> _What is expected_: Transcribe only the lines of the listing below from the one holding "Dropshipping 6mm 12mm" through the one holding "Портретная тарелка Godox", inclusive, without any change.

[Extracted data Boundary: Start]

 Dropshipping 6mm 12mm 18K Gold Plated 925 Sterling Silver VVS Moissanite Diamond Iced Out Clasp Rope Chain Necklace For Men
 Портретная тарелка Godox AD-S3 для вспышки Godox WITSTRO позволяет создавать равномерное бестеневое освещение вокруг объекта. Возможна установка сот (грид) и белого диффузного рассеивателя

[Extracted data Boundary: End]
[Extracted data Boundary: Start]

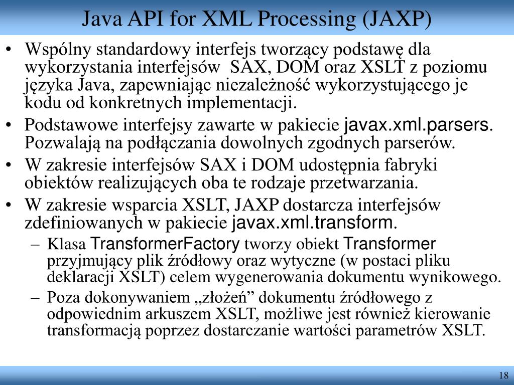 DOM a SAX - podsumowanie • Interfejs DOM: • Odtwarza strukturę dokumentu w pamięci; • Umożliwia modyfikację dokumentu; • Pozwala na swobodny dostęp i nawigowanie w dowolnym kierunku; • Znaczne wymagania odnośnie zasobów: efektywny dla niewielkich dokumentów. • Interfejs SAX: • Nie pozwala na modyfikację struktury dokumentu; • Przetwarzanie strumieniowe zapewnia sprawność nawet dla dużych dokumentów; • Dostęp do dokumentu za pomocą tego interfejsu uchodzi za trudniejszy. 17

[Extracted data Boundary: End]

> _Result for this task_:
 Dropshipping 6mm 12mm 18K Gold Plated 925 Sterling Silver VVS Moissanite Diamond Iced Out Clasp Rope Chain Necklace For Men
 Портретная тарелка Godox AD-S3 для вспышки Godox WITSTRO позволяет создавать равномерное бестеневое освещение вокруг объекта. Возможна установка сот (грид) и белого диффузного рассеивателя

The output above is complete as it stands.